Exercise data Block Start

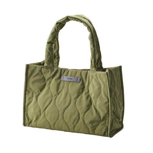 ■A4ファイルボックスも収納可能な大容量設計。資料やワークツールをまとめて収納・保管できます。 ■ハンドル付きで、在宅ワークの道具管理や社内移動時もスムーズに持ち運べます。 ■上品な光沢のあるオニオンステッチのキルティング素材を採用した、大人カジュアルなデザインです。 ■5つの仕分けポケット付きで、マウスやケーブルなどの小物を整理しやすく、必要な物がひと目でわかります。 ■側面のオープンポケットは、ロッカーに入れたままでもサッと取り出せて便利です。 ■14インチまでのノートパソコンを収納可能です。 ■表生地表面に、撥水加工を施しています。 ■外形寸法:幅約375mm×厚さ約160mm×高さ約260mm(ハンドル含まず) ■内寸:幅約325mm×厚さ約20mm×高さ約230mm ※14インチノートパソコン ■対応モデル:14インチまでのノートパソコン ※内寸と収納できるパソコンの外寸は異なる場合がございます。 ■重量:約410g ■材質:ポリエステル ■ポケット(気室内):オープンポケット×5 ■ポケット(側面):オープンポケット×1 ■バッグタイプ:トートタイプ ■容量:約15L ■カラー:カーキ ■その他:撥水防汚加工(表生地)
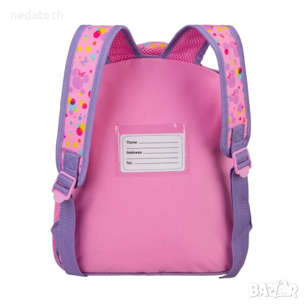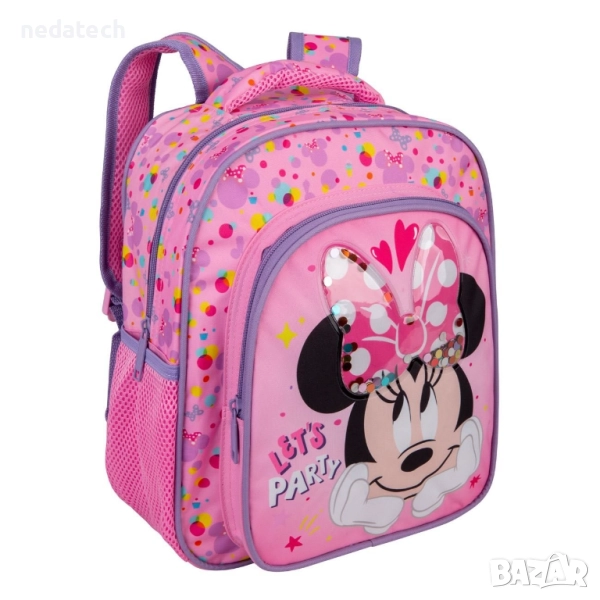 Ученичка раница за момичета, в розово, 2 отделения, с 1 голям джоб, 2 мрежести джоба отстрани за бутилка с вода и 3D дизайн на Мини. Има езиче на гърба за детайлите на детето, здрави ципове и регулируеми презрамки.
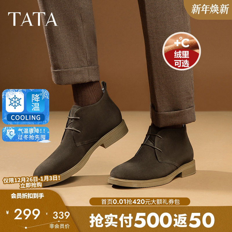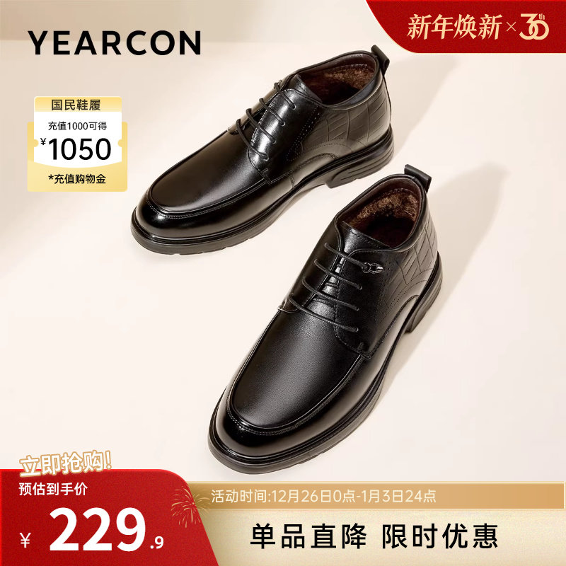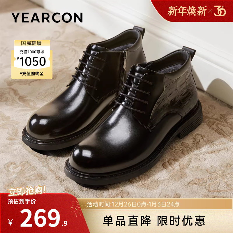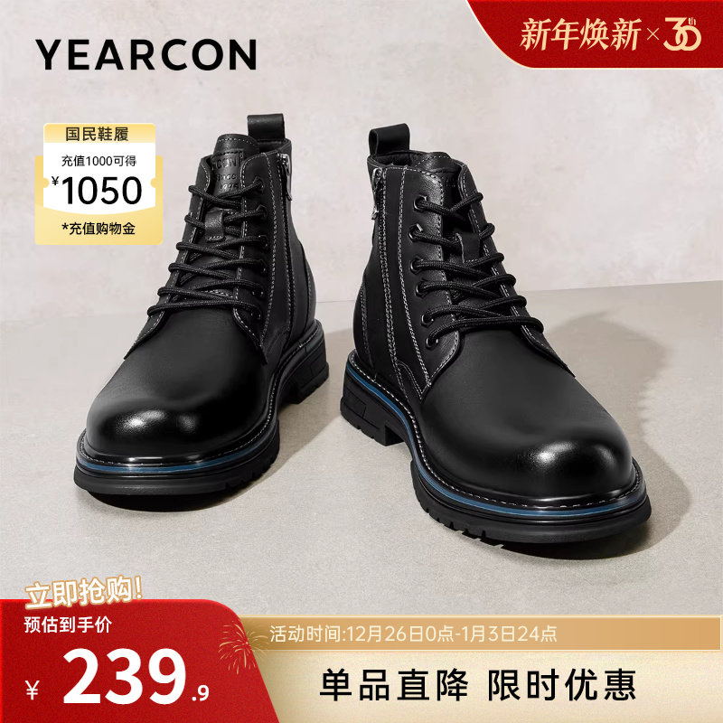 - 真皮加绒马丁靴男
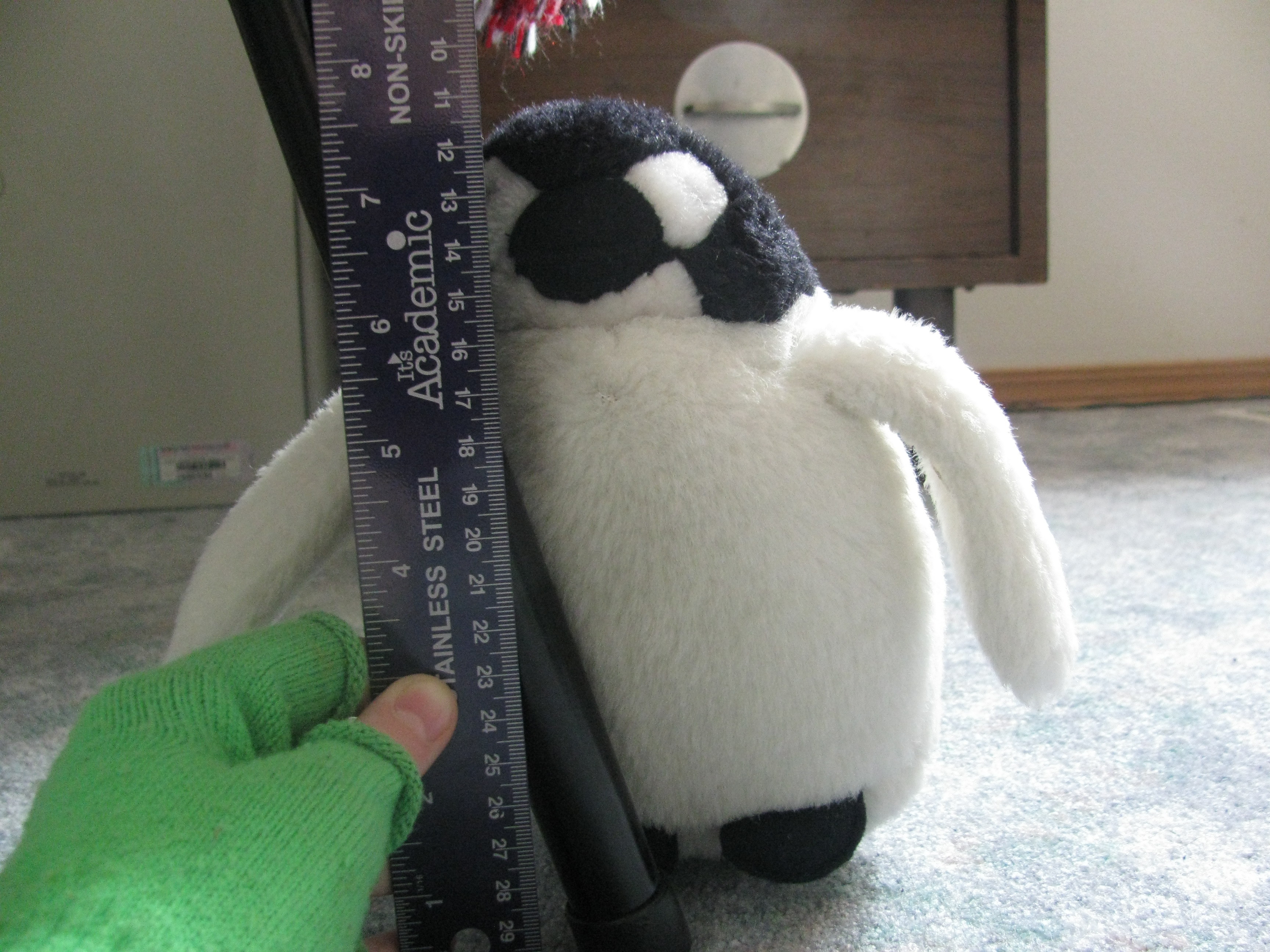 Ok so the penguin is roughly 7 and a half inches tall. multiply that by 10 and we have a 6'3" penguin on the way.
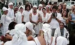 In the 21st century, various Voodoo groups wear white clothing for their ceremonies.[21] Influenced by Haitian Vodou, those assembled may dance around a central post, the poto mitan.[22] Patterned flags, called drapos, may be brought out, while songs are sung in Haitian Kreyol.[22] Drawings, called vèvè , may be made on the floor to invoke the spirits.[23] Offerings will be given to the spirits.[24] Contemporary Voodoo rites often entail calling spirits to enter the body of a practitioner, through which they can heal or confer blessings.[25] The possessed individual will be called the "horse".[24]

Exercise data Block End

Description of the task:
Retype, exactly and with no pictures, everything above from the line with "Ученичка раница за" down to the line with "Ok so the penguin", both included.

Reply to the exercise:
 Ученичка раница за момичета, в розово, 2 отделения, с 1 голям джоб, 2 мрежести джоба отстрани за бутилка с вода и 3D дизайн на Мини. Има езиче на гърба за детайлите на детето, здрави ципове и регулируеми презрамки.
 - 真皮加绒马丁靴男
 Ok so the penguin is roughly 7 and a half inches tall. multiply that by 10 and we have a 6'3" penguin on the way.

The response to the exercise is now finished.